1 WHERE THE FIELD OF FOLD-SWITCHING PROTEINS STANDS TODAY

This special issue of Biopolymers is dedicated to the curious proteins classified as fold-switching. We have long been fascinated by how the wondrous structures of proteins are encoded within their amino acid sequences. Indeed, a Holy Grail of biochemistry is to be able to deduce the fold of a protein from sequence alone. Just witness the headline-grabbing breakthrough of AlphaFold2's performance in the recently completed critical assessment of protein structure prediction competition.[1]

In the early years of structural biology, our understanding of the relationship between protein sequence, structure, and function blossomed as X-ray crystallography provided unprecedented insights.[2] It became common knowledge soon thereafter that proteins, even those with well-defined folds, are not static and undergo changes in structure that often involve repositioning motifs and domains. Even so, the overall three-dimensional arrangement of secondary structures (i.e., architecture) and the path taken by the polypeptide chain through the structure (i.e., topology),[3] collectively defined as the fold of a protein, remains more or less the same. This one-sequence one-fold paradigm is largely attributed to Christian Anfinsen who was awarded the 1972 Nobel Prize in Chemistry for his work “concerning the connection between amino acid sequence and the biologically active conformation”.[4] As is often the case with most aspects of the natural world though, the more we understood about proteins the more we realized their complexity. For example, it became apparent that a short sequence of aminoacyl residues that forms, say, an α-helix in one protein can form a β-strand in the context of a different protein.[5] Later it was discovered that an entire polypeptide chain can adopt more than one fold. Dramatically, prion proteins can switch folds where the fold with the higher content of β-strands aggregates irreversibly with devastating consequences.[6]

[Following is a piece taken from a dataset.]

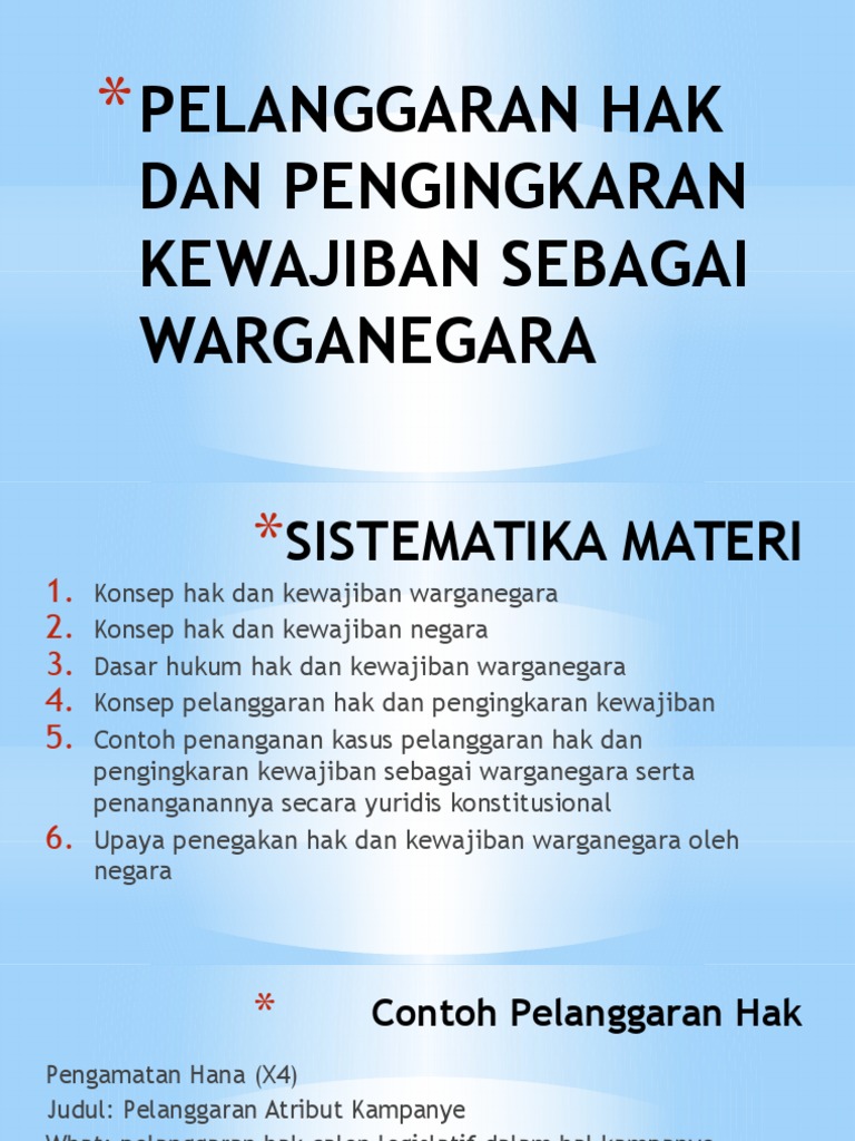 Kasus kasus pelanggaran hak dan pengingkaran kewajiban disebabkan oleh faktor faktor tertentu dan tidak jarang kasus kasus tersebut tidak dapat terselesaikan oleh hukum di indonesia. Pelanggaran hak warga negara terjadi ketika warga negara tidak dapat menikmati atau memperoleh haknya sebagaimana mestinya yang ditetapkan oleh undang undang. Selain itu pelanggaran tersebut juga terjadi karena adanya pelalaian ataupun pengingkaran. ø contoh pengingkaran kewajiban di indonesia pengingkaran kewajiban warga negara banyak sekali bentuknyamulai dari yang sederhana sampai yang berat diantaranya adalah. Hak asasi manusia dimiliki oleh setiap warga negara yang tinggal di indonesia. Berikut beberapa contoh pelanggaran pelaksanaan hak dan kewajiban negara terhadap hak hak dasar warga negara.

However, the discovery of a protein that can reversibly switch between two different folds was not reported until 2002.[7] Proteins with this type of fold-switching behavior are now classified as metamorphic[8] to distinguish them from single-fold (i.e., monomorphic) proteins. Metamorphic proteins can be thought of as providing a two-for-one deal because they switch reversibly between distinctly different folds and functions. They challenge our understanding of the rules governing protein structure and as such move the Holy Grail goalposts. In response to this new challenge, there is interest to estimate how many metamorphic proteins are masquerading in the RCSB Protein Data Bank as monomorphic. Carrying out such an estimation is formidable, however. Indeed, thus far metamorphic behavior has only been discovered serendipitously, explaining why just 20 proteins have been experimentally verified as metamorphic. Directed methods and tools to predict and validate reversible fold switching in proteins are now beginning to emerge and have much room to grow. Accordingly, as the field matures we expect the size of the metamorphome, and our understanding of protein structure and function, to blossom as well.

2 IN THIS ISSUE

The papers in this issue present original research on identifying and characterizing fold switching proteins using both experimental and computational approaches, as well as giving an overview of the field as it currently stands.

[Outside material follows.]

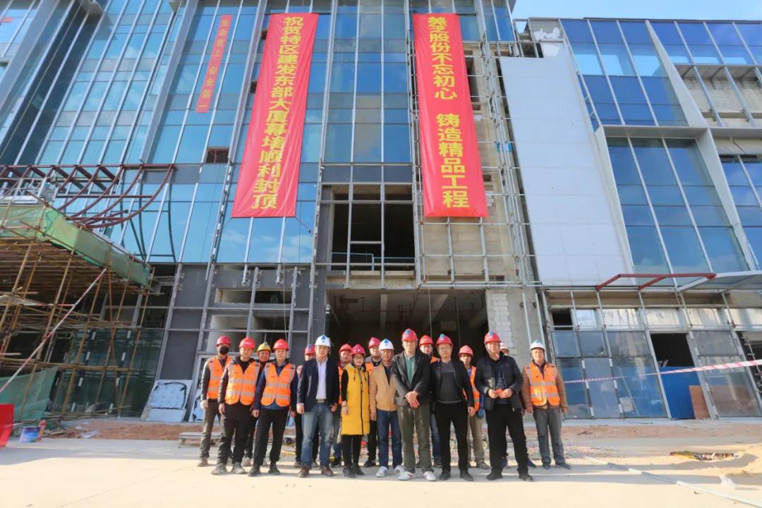 2021年1月16日,美芝股份承接的特區建發(fā)·東部大廈幕墻正式封頂,項目現場舉行了簡單而熱烈的封頂儀式。此次幕墻的順利封頂,標志著深圳市深汕特別合作區(以下簡:深汕特別合作區)第一座集總部辦公和商業商務配套為一體的超高層綜合體建筑外立面形象工程完美收官,刷新了深汕特別合作區幕墻天際線,為合作區建設增光添彩。

The issue begins with Das and coworkers providing a perspective on the currently available experimental and computational methods for identifying and characterizing metamorphic proteins. They note (as mentioned) the metamorphic proteins identified thus far is largely a result of serendipitous discovery rather than a targeted search. They also highlight that the development of new experimental and computational tools is needed to identify additional metamorphic proteins and the environmental conditions that induce fold switching. The piece describes the known metamorphic proteins and their properties, as well as providing suggestions for the development of novel methods that could populate the “metamorphome” in the next few years.

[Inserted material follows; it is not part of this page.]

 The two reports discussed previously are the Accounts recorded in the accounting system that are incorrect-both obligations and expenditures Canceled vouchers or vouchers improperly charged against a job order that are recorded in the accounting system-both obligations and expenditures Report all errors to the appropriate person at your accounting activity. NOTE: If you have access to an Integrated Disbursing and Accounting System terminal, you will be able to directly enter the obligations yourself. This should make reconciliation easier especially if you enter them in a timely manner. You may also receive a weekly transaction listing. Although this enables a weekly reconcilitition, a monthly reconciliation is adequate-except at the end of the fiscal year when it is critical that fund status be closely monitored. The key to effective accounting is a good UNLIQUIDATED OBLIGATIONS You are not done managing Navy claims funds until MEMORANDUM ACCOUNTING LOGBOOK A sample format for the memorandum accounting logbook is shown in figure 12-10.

The first primary research paper in this issue studies XCL1, a small cell signaling protein also known as lymphotactin. XCL1 is a metamorphic protein that has a chemokine fold that binds to a G-coupled protein receptor, and a dimeric all-beta fold that has antimicrobial activity. It has long been known that XCL1's metamorphic equilibrium can be shifted by various non-specific stimuli, but a specific means of controlling the equilibrium had not been found. In the issue, Dishman et al. show that the metamorphic equilibrium of XCL1 can be controlled by titration with an engineered XCL1 variant called CC5.[9] CC5 incorporates an artificial disulfide bond that stabilizes the all-beta fold of the monomer, shifting the XCL1 metamorphic equilibrium by the formation of CC5-XCL1 heterodimers. The work provides a new tool for studying protein metamorphosis and paves the way for therapeutic targeting of such proteins with roles in human health and disease.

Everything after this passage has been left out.